[[ THE DATA, beginning ]]

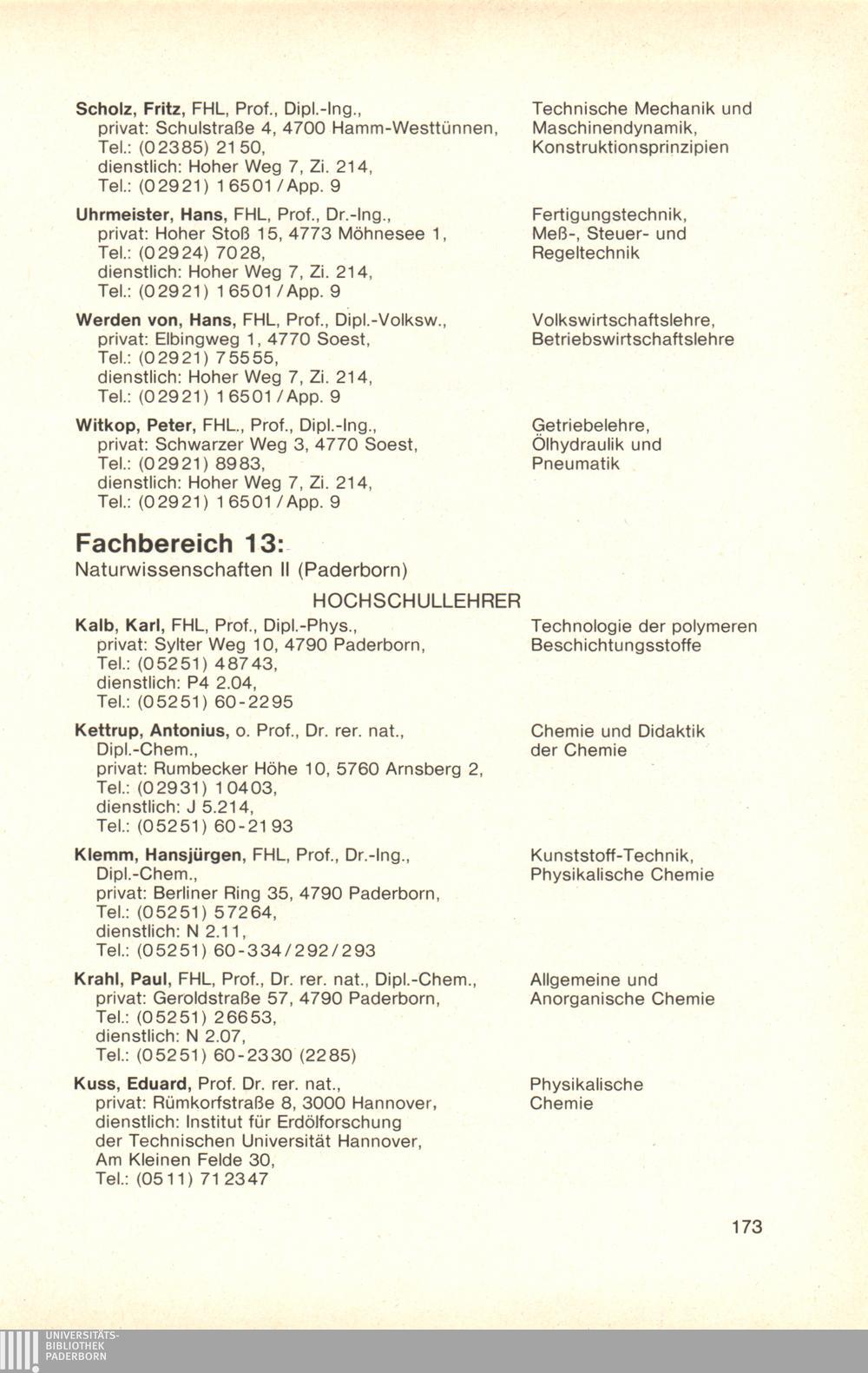 Personal- und Vorlesungsverzeichnis für die Gesamthochschule Paderborn
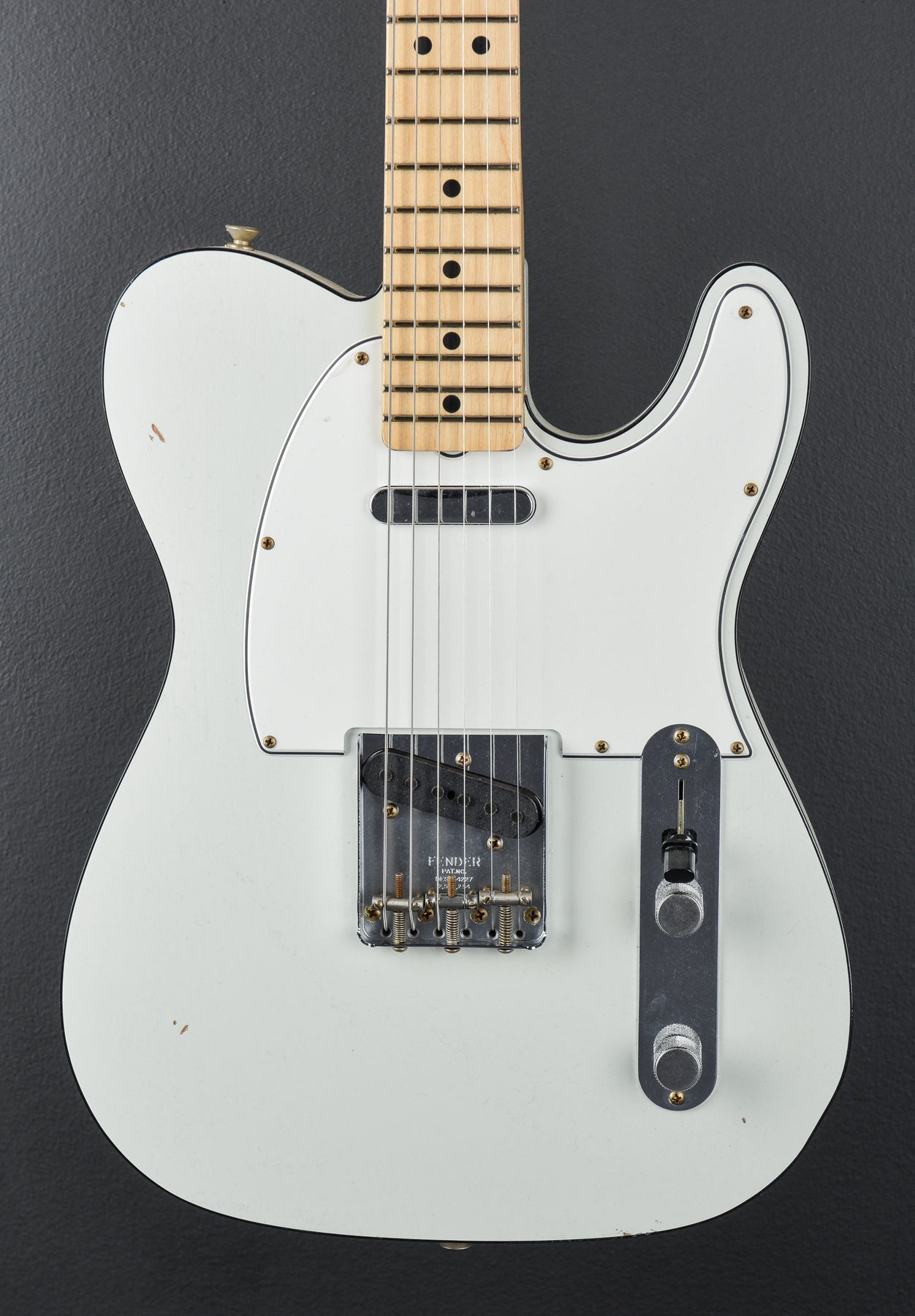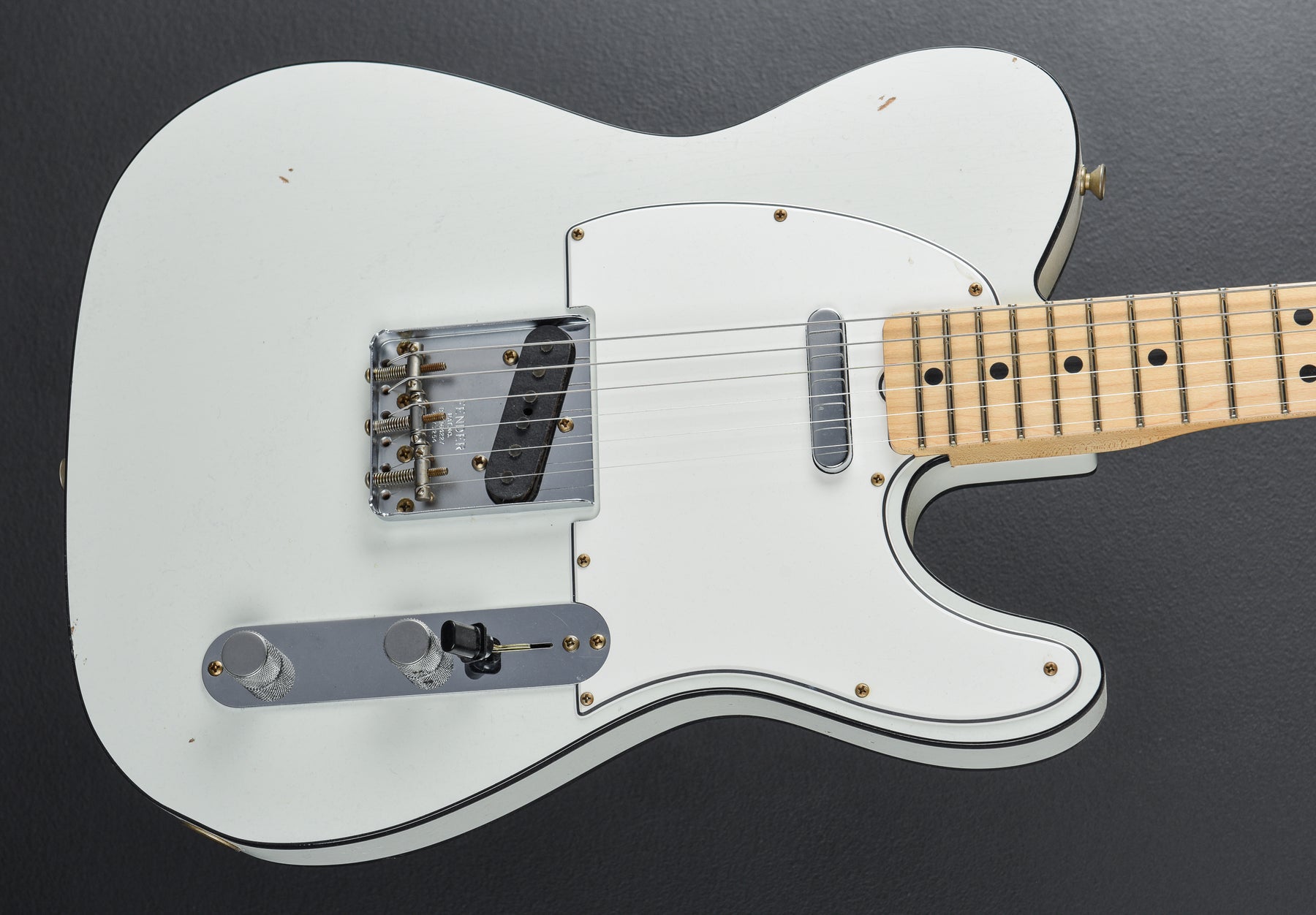 Olympic White, Aged nitrocellulose lacquer finish, Double bound Alder body, 1960 oval C shaped Maple neck with a 9.5″ radius Maple cap fingerboard and medium jumbo frets, 25.5" scale length, 1 5/8th" nut width, Handwound '67 Relic Tele bridge and neck pickups, 3-way switching with the master volume and tone controls, String thru body Tele bridge with the three barrel steel saddles, Fender vintage style tuners, The neck thickness is .85″ at the first and .92″ at the 12th frets, 7.3 pounds, With hardshell case
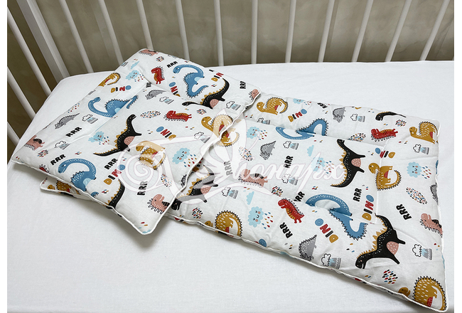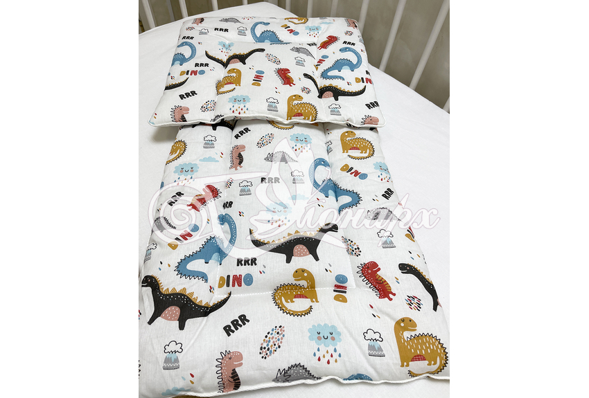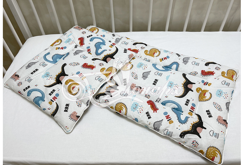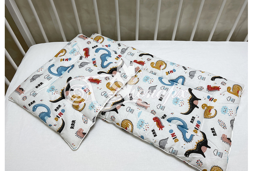 Каждое изделие из набора простегано, матрасик и подушка обработаны декоративным кантом.
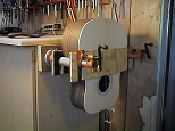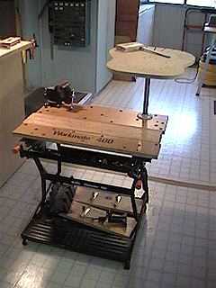 This is a guitar vise I made out of some old pipe clamps. Here's what my workboard looks like now. The other "guitar stand" workboard set-up was kind of wobbly. I had an extra flange and shorter pipe section lying around, so I thought, why not attach it to my Workmate instead? The Workmate's weight keeps it very steady. I still have access all around the board for clamping. And I have a handy table underneath it, too! The flange is easily removed, as it's just bolted on. |
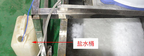 2、加鹽水:標準25公斤鹽水桶加鹽,1噸及以下型號制冰機加鹽300克;1.5噸
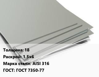 Лист нержавеющий 18 1.5х6 Сталь: AISI 316 ГОСТ 7350-77
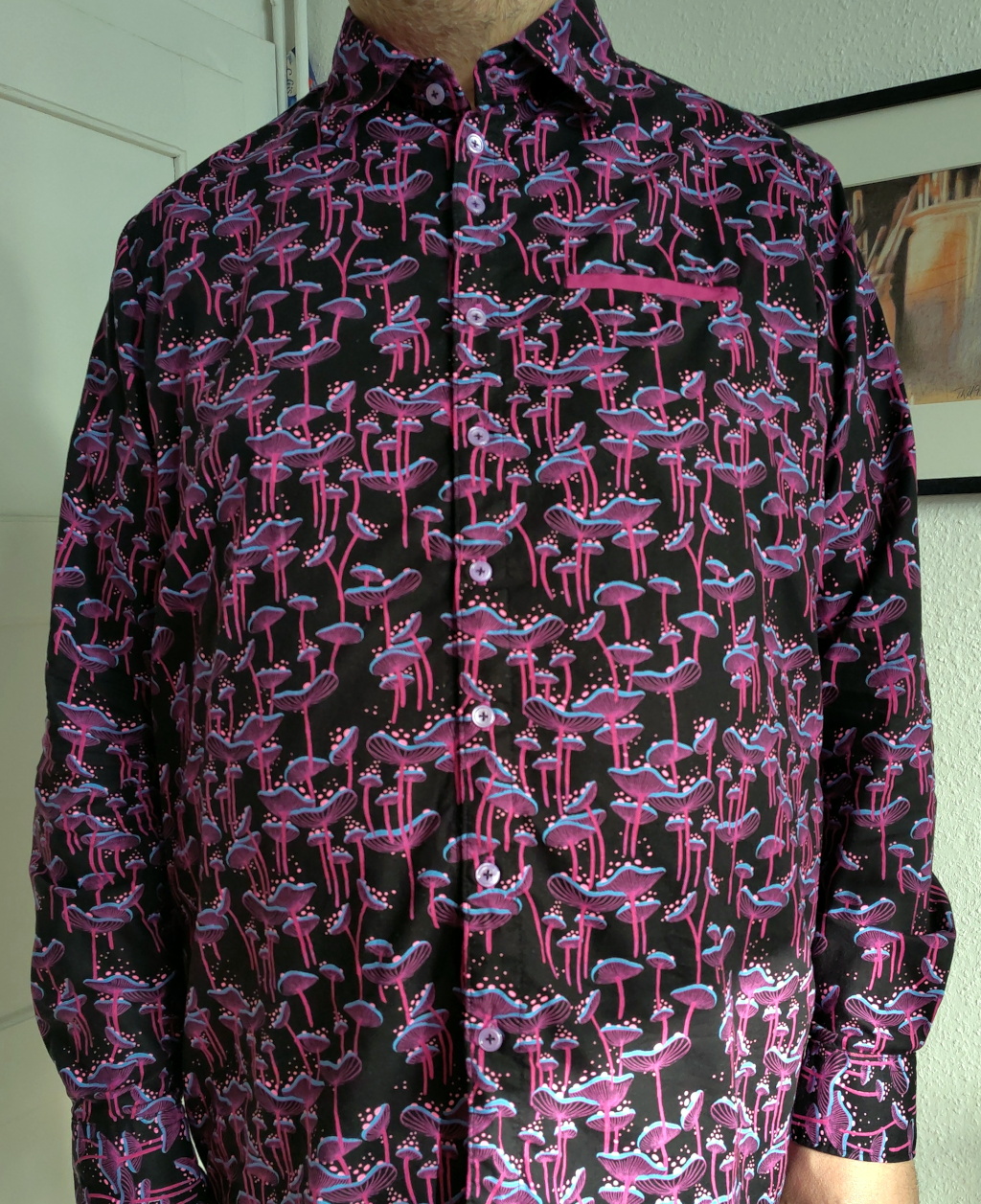 The fabric is basically oriented up in most of the parts, but the cuffs are rotated by 90°. When I look at my cuffs, the mushrooms are upright, but others looking at me will see them upside down in this position.
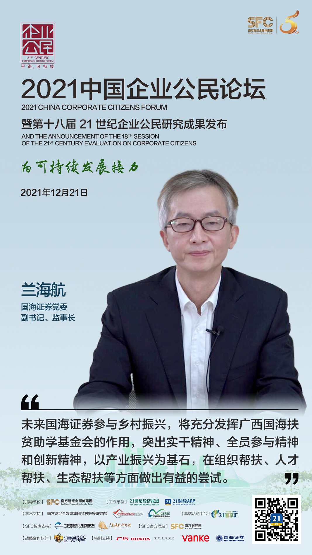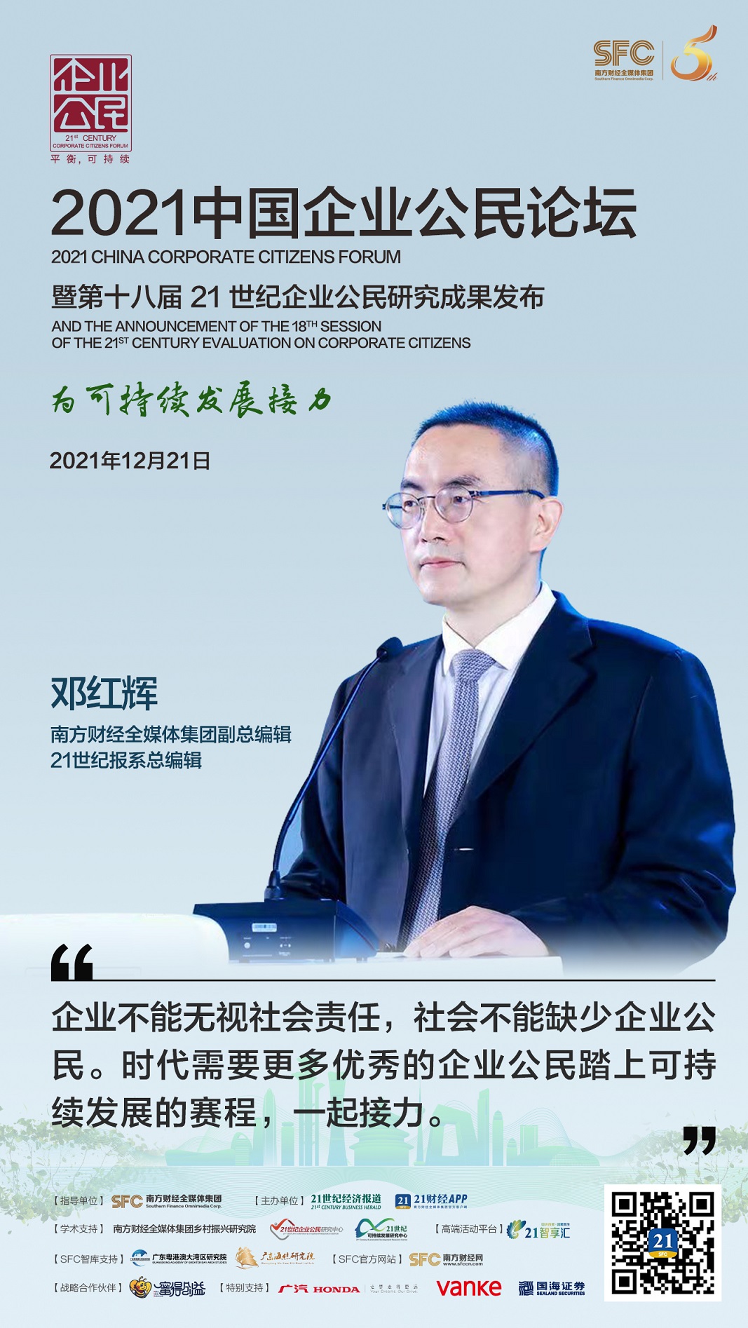 作为CSR/ESG领域一年一度的盛会,由数字化智库型财经媒体领跑者《21世纪经济报道》主办的“2021中国企业公民论坛暨第十八届21世纪企业公民研究成果发布”于2021年12月21日以在线的方式顺利举办。本届论坛以“为可持续发展接力”为主题,邀请来自CSR/ESG领域专家学者、公益伙伴、先锋企业和优秀CSR项目代表,就可持续发展、碳中和、环境信息披露、乡村振兴等议题进行了深入的对话交流。本论坛连续举办18载,见证了中国可持续发展和CSR/ESG事业持续前行的非凡历程。
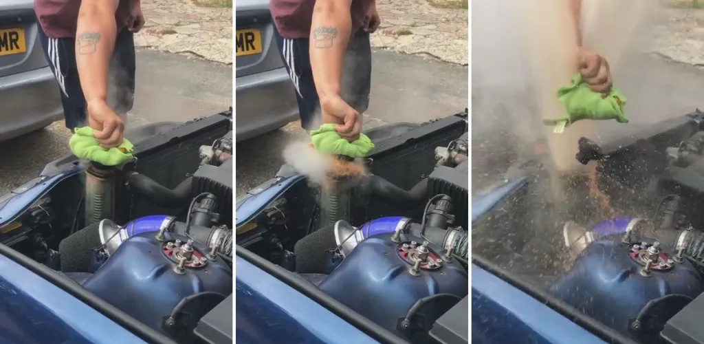 Praktisch gesehen, müssen wir, wenn wir mit einem solchen Problem konfrontiert werden, an einem sicheren Ort parken und anhalten. Man muss mindestens 15 bis 20 Minuten warten, bis der Motor abgekühlt ist, je nach Temperatur und wie viel wir gefahren sind. Erst danach kann man das Kühlmittel sicher hinzufügen. Der einfachste Weg, die Temperatur zu überprüfen, besteht darin, die Motorhaube des Autos zu berühren.
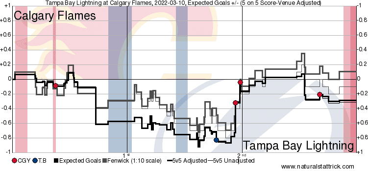 xGF% – Tyler Toffoli (24.35 xGF%), Blake Coleman (27.91%), and Adam Ružička (28.09%) were personally victimized by the Tampa team in the second period. Spent a lot of shifts getting hemmed in their own zone – but they never gave up a goal. Nice bounce back in quality share for Chris Tanev (60.98%) and Oliver Kylington (60.90%) – the latter of which looked more comfortable tonight after a string of games where his skates seemed to move faster than his hands at times.
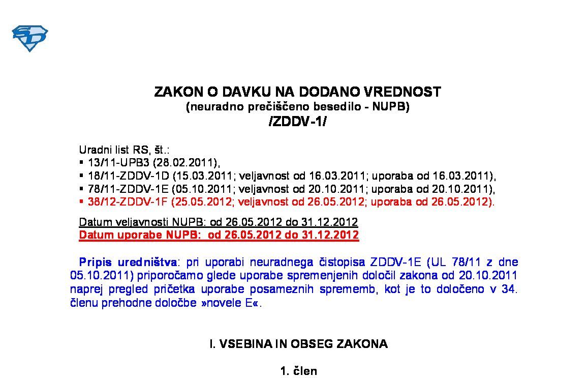 | ZAKON O DAVKU NA DODANO VREDNOST (ZDDV-1 - neuradno prečiščeno besedilo) | 01.01.2026 | [!] | 31.12.2025 | |
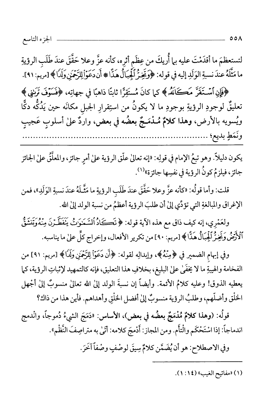 وفي إبهام الضمير في (منه)، وإبداله لقوله: (أَن دَعَوْا لِلرَّحْمَنِ ولَدًا) [مريم: 91] من الفخامة والهيبة ما لا يخفى على البليغ، بخلاف هذا التعليق، فإنه كالتمهيد لإثبات الرؤية، كما يعطيه الذوق! وعليه كلام الأئمة. وأيضاً إن نسبة الولد إلى الله تعالى منسوب إلى أجهل الخلق وأضلهم، وطلب الرؤية منسوب إلى أفضل الخلق وأهداهم. فأين هذا من ذاك؟
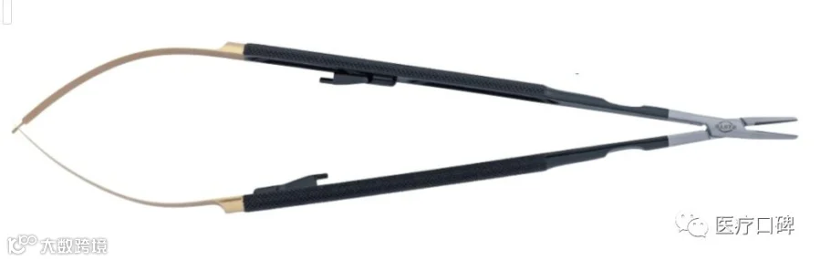 显微剪:用于剪开和修剪吻合口,直型头端可以剪出直线,很多显微手术的动脉非常细软, 很难用刀片划开,多数都只能用显微剪剪开。直头显微剪有利于剪出整齐的吻合口,这种剪 刀要求非常锋利,否则容易损伤血管,形成锯齿状边缘。Stille 的 117-A110 显微剪就是非常 受欢迎的精细显微剪刀,广泛用于各种显微手术。

[[ THE DATA, end ]]

# [WHAT YOU WILL DO]
Could you write out the records again exactly, omitting each image?

# [SOLUTION TO THIS EXERCISE]
 Personal- und Vorlesungsverzeichnis für die Gesamthochschule Paderborn
 Olympic White, Aged nitrocellulose lacquer finish, Double bound Alder body, 1960 oval C shaped Maple neck with a 9.5″ radius Maple cap fingerboard and medium jumbo frets, 25.5" scale length, 1 5/8th" nut width, Handwound '67 Relic Tele bridge and neck pickups, 3-way switching with the master volume and tone controls, String thru body Tele bridge with the three barrel steel saddles, Fender vintage style tuners, The neck thickness is .85″ at the first and .92″ at the 12th frets, 7.3 pounds, With hardshell case
 Каждое изделие из набора простегано, матрасик и подушка обработаны декоративным кантом.
 This is a guitar vise I made out of some old pipe clamps. Here's what my workboard looks like now. The other "guitar stand" workboard set-up was kind of wobbly. I had an extra flange and shorter pipe section lying around, so I thought, why not attach it to my Workmate instead? The Workmate's weight keeps it very steady. I still have access all around the board for clamping. And I have a handy table underneath it, too! The flange is easily removed, as it's just bolted on. |
 2、加鹽水:標準25公斤鹽水桶加鹽,1噸及以下型號制冰機加鹽300克;1.5噸
 Лист нержавеющий 18 1.5х6 Сталь: AISI 316 ГОСТ 7350-77
 The fabric is basically oriented up in most of the parts, but the cuffs are rotated by 90°. When I look at my cuffs, the mushrooms are upright, but others looking at me will see them upside down in this position.
 作为CSR/ESG领域一年一度的盛会,由数字化智库型财经媒体领跑者《21世纪经济报道》主办的“2021中国企业公民论坛暨第十八届21世纪企业公民研究成果发布”于2021年12月21日以在线的方式顺利举办。本届论坛以“为可持续发展接力”为主题,邀请来自CSR/ESG领域专家学者、公益伙伴、先锋企业和优秀CSR项目代表,就可持续发展、碳中和、环境信息披露、乡村振兴等议题进行了深入的对话交流。本论坛连续举办18载,见证了中国可持续发展和CSR/ESG事业持续前行的非凡历程。
 Praktisch gesehen, müssen wir, wenn wir mit einem solchen Problem konfrontiert werden, an einem sicheren Ort parken und anhalten. Man muss mindestens 15 bis 20 Minuten warten, bis der Motor abgekühlt ist, je nach Temperatur und wie viel wir gefahren sind. Erst danach kann man das Kühlmittel sicher hinzufügen. Der einfachste Weg, die Temperatur zu überprüfen, besteht darin, die Motorhaube des Autos zu berühren.
 xGF% – Tyler Toffoli (24.35 xGF%), Blake Coleman (27.91%), and Adam Ružička (28.09%) were personally victimized by the Tampa team in the second period. Spent a lot of shifts getting hemmed in their own zone – but they never gave up a goal. Nice bounce back in quality share for Chris Tanev (60.98%) and Oliver Kylington (60.90%) – the latter of which looked more comfortable tonight after a string of games where his skates seemed to move faster than his hands at times.
 | ZAKON O DAVKU NA DODANO VREDNOST (ZDDV-1 - neuradno prečiščeno besedilo) | 01.01.2026 | [!] | 31.12.2025 | |
 وفي إبهام الضمير في (منه)، وإبداله لقوله: (أَن دَعَوْا لِلرَّحْمَنِ ولَدًا) [مريم: 91] من الفخامة والهيبة ما لا يخفى على البليغ، بخلاف هذا التعليق، فإنه كالتمهيد لإثبات الرؤية، كما يعطيه الذوق! وعليه كلام الأئمة. وأيضاً إن نسبة الولد إلى الله تعالى منسوب إلى أجهل الخلق وأضلهم، وطلب الرؤية منسوب إلى أفضل الخلق وأهداهم. فأين هذا من ذاك؟
 显微剪:用于剪开和修剪吻合口,直型头端可以剪出直线,很多显微手术的动脉非常细软, 很难用刀片划开,多数都只能用显微剪剪开。直头显微剪有利于剪出整齐的吻合口,这种剪 刀要求非常锋利,否则容易损伤血管,形成锯齿状边缘。Stille 的 117-A110 显微剪就是非常 受欢迎的精细显微剪刀,广泛用于各种显微手术。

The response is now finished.